On univariate analysis, tumor size (P < 0.001), pathological TNM stage (P < 0.001), AJCC grade (P < 0.001), pre-NCRT cT stage (P = 0.017), pre-NCRT CEA level (P = 0.011), pre-NCRT CA19–9 level (P < 0.001), anemia (P = 0.037), NLR level (P < 0.001), SII level (P = 0.001), PLR level (P = 0.004), neural invasion (P = 0.007), vascular invasion (P = 0.030), and tumor differentiation (P < 0.001) were independently associated with DFS in LARC patients following NCRT and TME (Table 2. Results from the Cox regression analysis demonstrated that the pathological TNM stage (HR = 1.573, 95%CI: 1.222–2.026, P < 0.001), AJCC grade (HR = 1.391, 95%CI: 1.038–1.864, P = 0.027), pre-NCRT cT stage (HR = 1.489, 95%CI: 1.018–2.179, P = 0.040), pre-NCRT CA19–9 level (HR = 1.707, 95%CI: 1.015–2.871, P = 0.047), and NLR level (HR = 1.707, 95%CI: 1.015–2.871, P = 0.044) were independent predictors of DFS after NCRT (Table 3.

Table 2 Operative and postoperative outcomes in patients with LARC following NCRT stratified by NLR.
Table 3 Cox regression analysis of predictive factors for disease-free survival in patients with LARC following NCRT (n = 472).

Association of NLR with perioperative clinicopathological parameters

Among the patients included, 309 (65.5%) patients were categorized into the low-NLR group and 163 (34.5%) patients into the high-NLR group. Anemia and higher pre-NCRT CA19–9 levels were found in the high-NLR group (P < 0.05). No statistical differences were found between the two groups regarding gender, age, American Society of Anesthesiology (ASA) grade, the interval time between NCRT and surgery, the distance from the anal verge, clinical T stage, clinical N stage, hypoproteinemia, or pre-NCRT CEA level (Table 4).

Table 4 Baseline characteristics in patients with LARC following NCRT stratified by NLR.

There were no significant differences between the groups regarding estimated blood loss, operation time, surgical approach, peri-NCRT complications, peri-NCRT major complications, and organ preservation procedures (Table 2). With regard to postoperative complications, no significant differences were seen between the two groups in terms of postoperative hospital stays and postoperative complications (P = 0.709, and P = 0.109, respectively).

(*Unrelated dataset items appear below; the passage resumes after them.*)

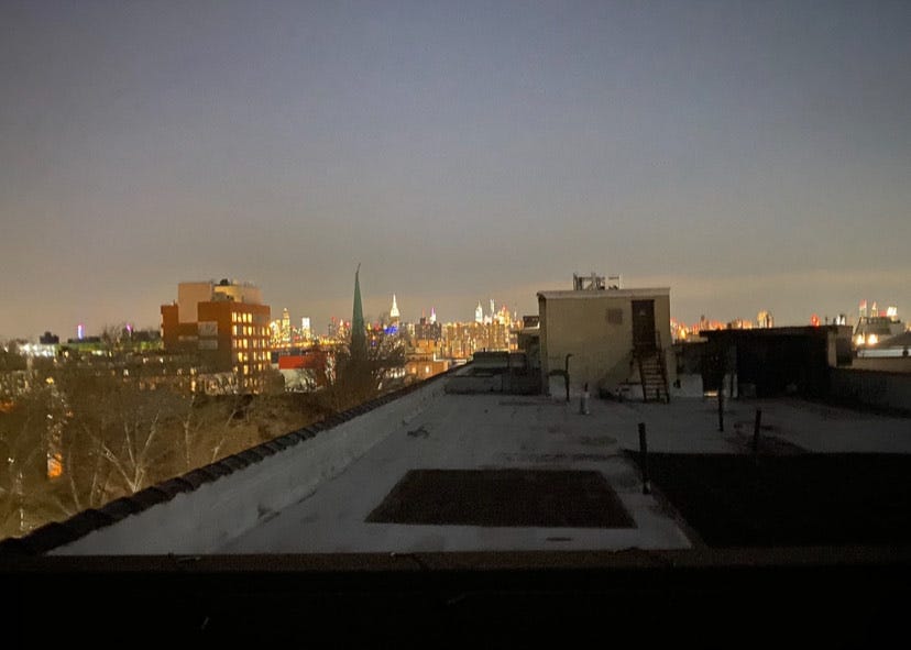 I am high and drunk upon entering the building with a revolving door, concierge, and tall ceilings. The marble ceiling makes me think of the inside of the Winters’ barn that stands beyond the cornfield of my childhood home. Every tall ceiling in New York makes me think of the barn. Within the cracks you could see stars at night. You can’t see stars here. I’m so drunk I am seeing stars.
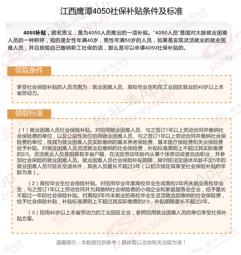 一、2023-2024年江西鹰潭4050社保补贴标准,最新领取条件来了
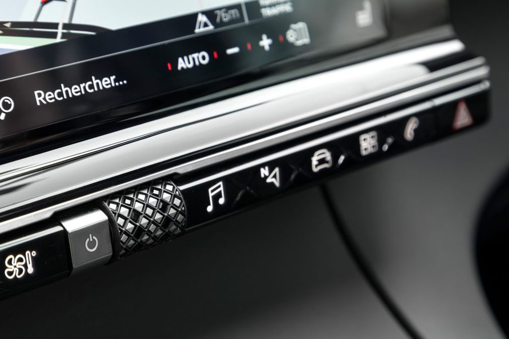 Sigo rodeado de rombos: los de la gran pantalla del sistema de infoentretenimiento, que tiene un display formado por ellos al igual que el botón del volumen, que es en realidad una ruleta de diseño elegante que se mueve hacia arriba y hacia abajo como si de la ruleta del ratón se tratase. Las luces y los botones del plafón superior también tienen la misma forma.

Compared to the low-NLR group, the high-NLR group was associated with an increased number of lymph nodes retrieved (11.87 ± 5.84 vs 14.27 ± 8.85, P < 0.001). Moreover, the tumor size was larger in the high-NLR group (2.48 ± 1.22 vs 3.15 ± 1.79, P < 0.001). The high-NLR group tended to have lower pCR rates compared to the low-NLR group, but the difference was not significant. Pathological TNM stage, TRG, pathological type, histopathology, and tumor differentiation were similar in both groups (P = 0.471, P = 0.188, P = 0.214, P = 0.134, and P = 0.157, respectively). Similarly, neural invasion and vascular invasion did not differ between the two groups (P = 0.634, and P = 0.153, respectively).

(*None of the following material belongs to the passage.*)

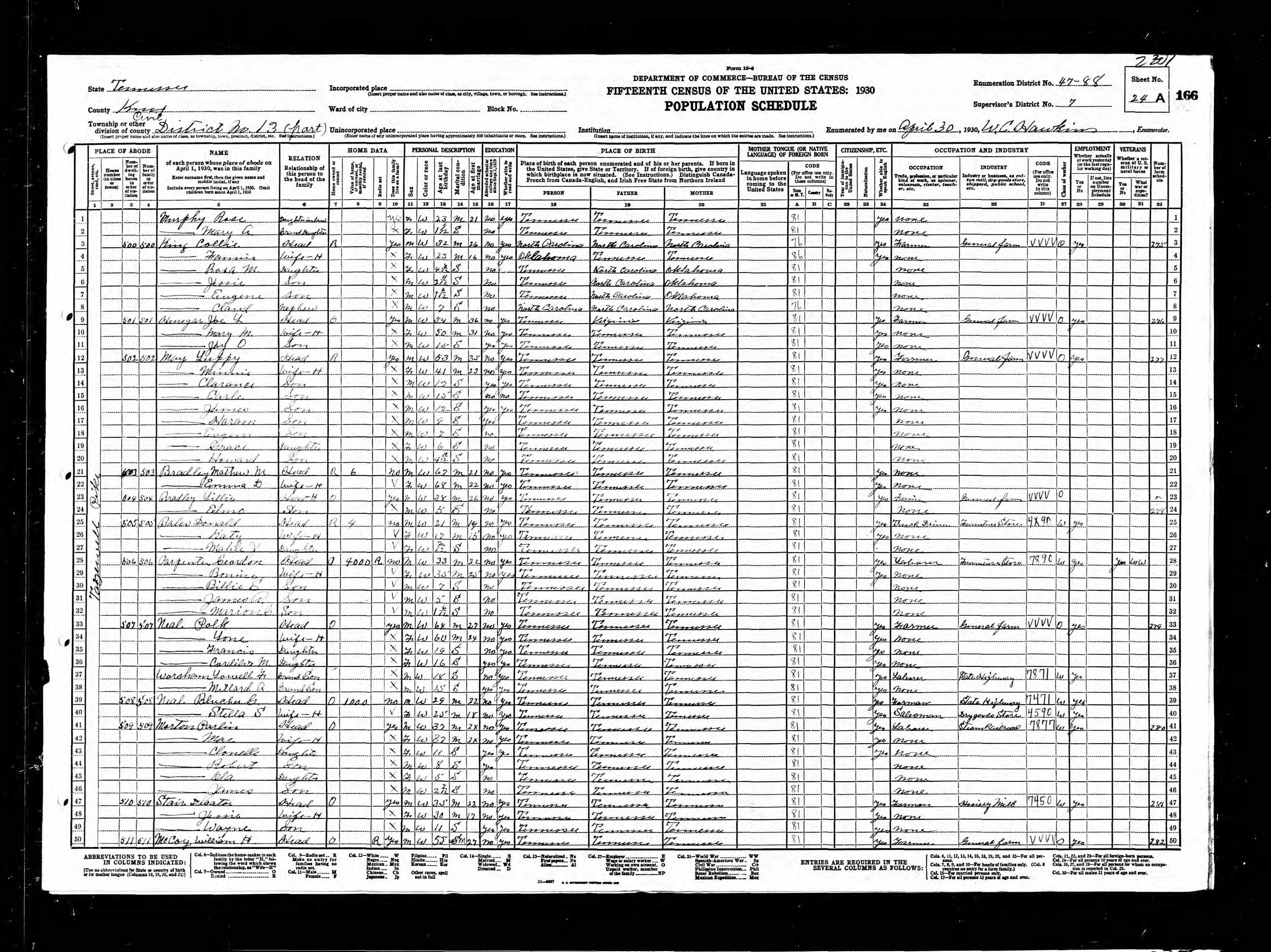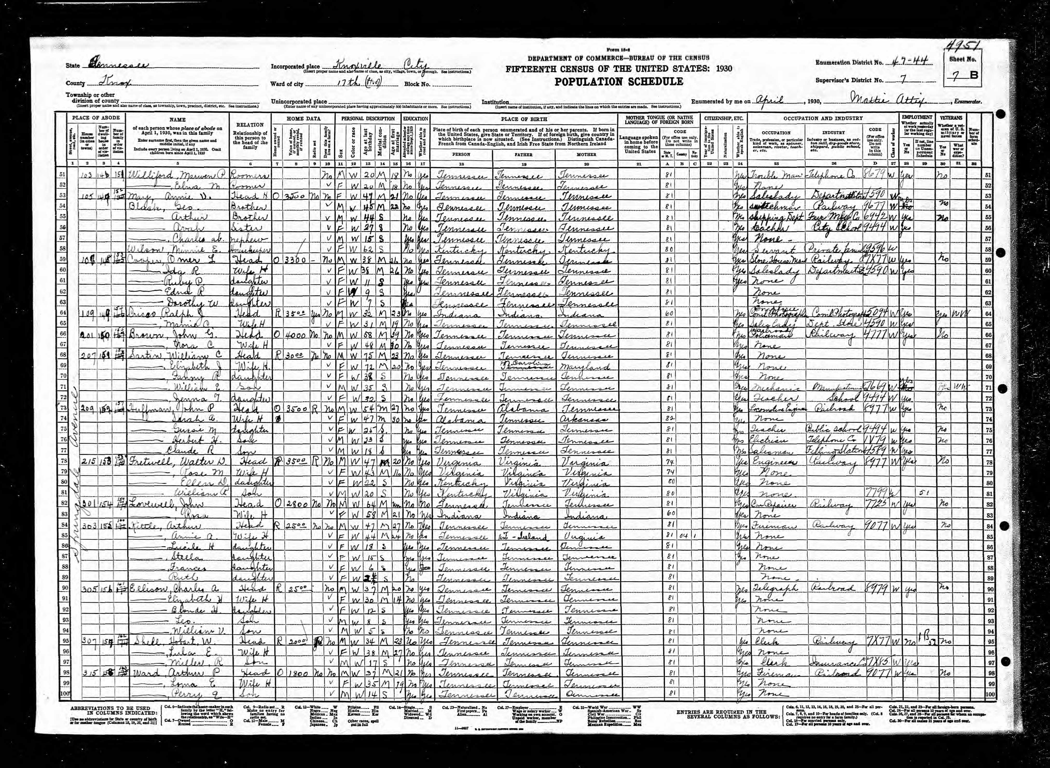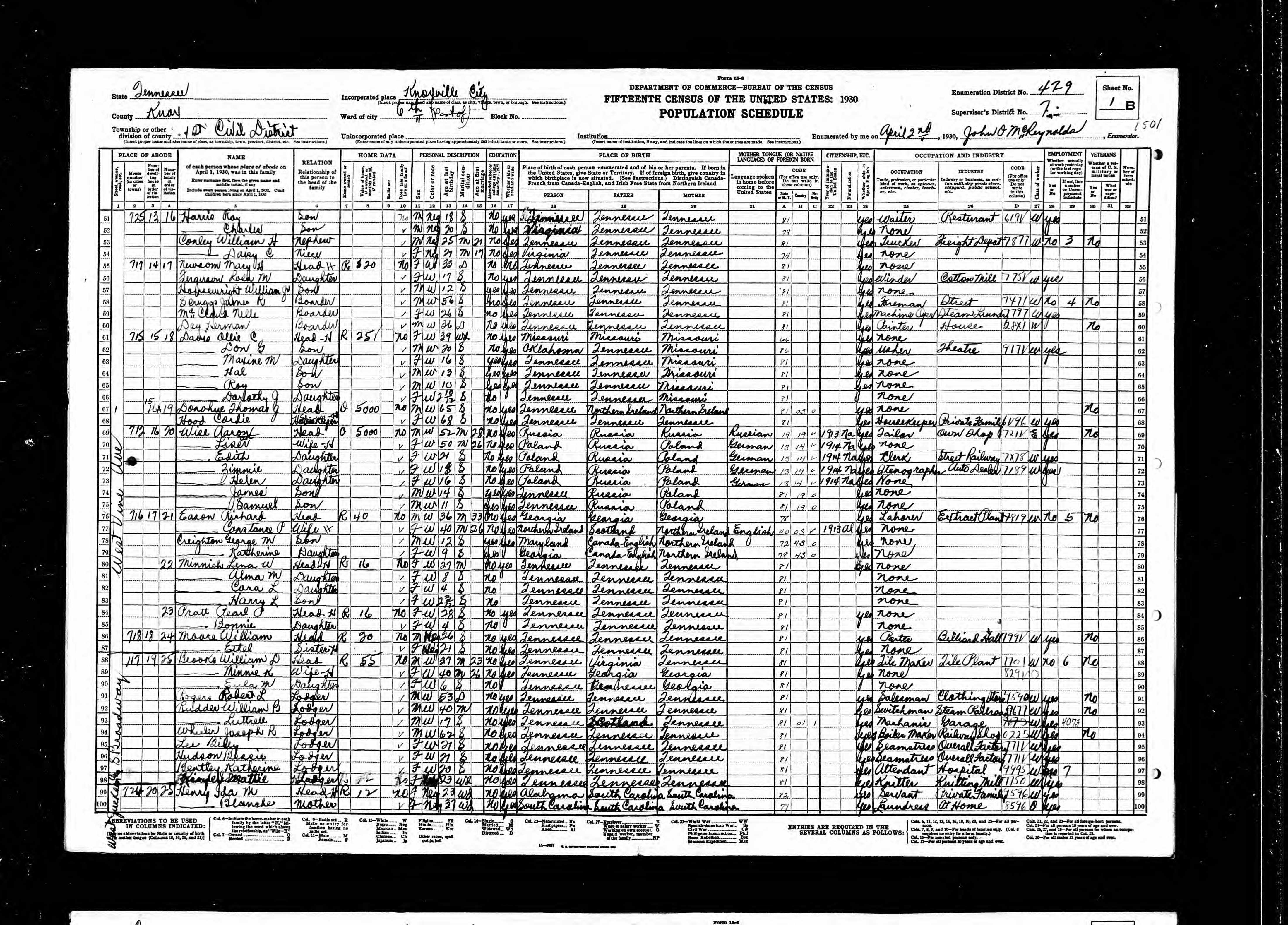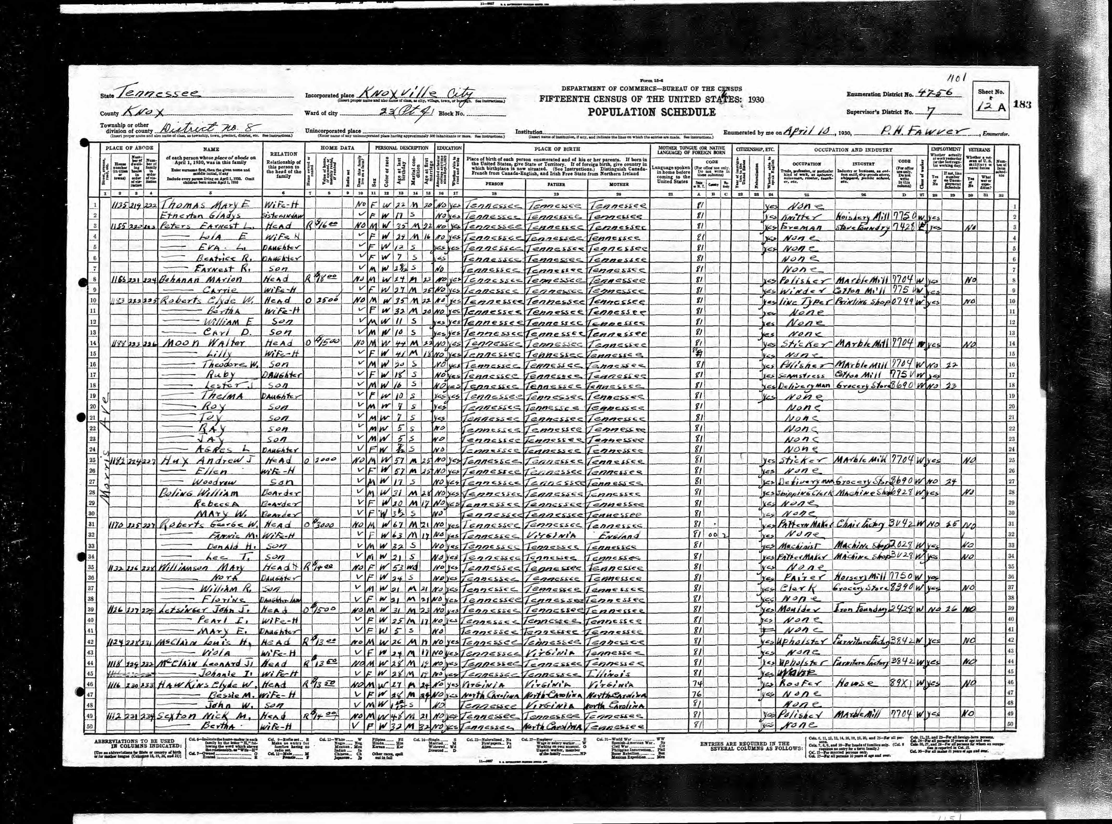 Enumeration District 47-13, Knoxville City, Knox County, Tennessee, 16 Apr 1930

Predictive models for OS and DFS with/without NLR

Based on the above significant determinants, predictive nomograms for OS and DFS in LARC patients after NCRT were constructed (Figs. 3A and 4A). The 3-year OS and DFS predictive probabilities were obtained by drawing a straight line after summing up the score of each variable. Patients with a higher total score tended to have lower OS and DFS rates. The performance of the model was validated internally. The C-index of the nomogram including NLRs for predicting OS and DFS was 0.759 (95%CI: 0.707–0.816) and 0.737 (95%CI: 0.688–0.786), respectively. To further explore the role of the NLR in the predictive model, we constructed another model without NLRs (Figs. 3B and 4B). The C-index of the nomogram without NLRs for predicting OS and DFS was 0.741 (95%CI: 0.685–0.797) and 0.724 (95%CI: 0.719–0.729), respectively. The calibration curves showed good agreement between the predicted and actual probability of 3-, and 5-year OS (Fig. 3C,D, E, and F) and DFS (Fig. 4C,D, E, and F).

Figure 3
figure 3

Construction of the factors for overall survival. (A) and (B) Nomograms developed for predicting overall survival, (A) the model with NLR counts, and (B) the model without NLR counts. (C) and (E) Calibration curves for 3- and 5-year OS for the model with NLR counts in LARC patients after NCRT with internal validation. (D) and (F) Calibration curves for 3- and 5-year OS for the model without NLR counts in LARC patients after NCRT with internal validation.

Figure 4
figure 4

Construction of the factors for disease-free survival. (A) and (B) Nomograms developed for predicting disease-free survival, (A) the model with NLR counts, and (B) the model without NLR counts. (C) (E) Calibration curves for 3- and 5-year DFS for the model with NLR counts in LARC patients after NCRT with internal validation. (D) and (F) Calibration curves for 3- and 5-year DFS for the model without NLR counts in LARC patients after NCRT with internal validation.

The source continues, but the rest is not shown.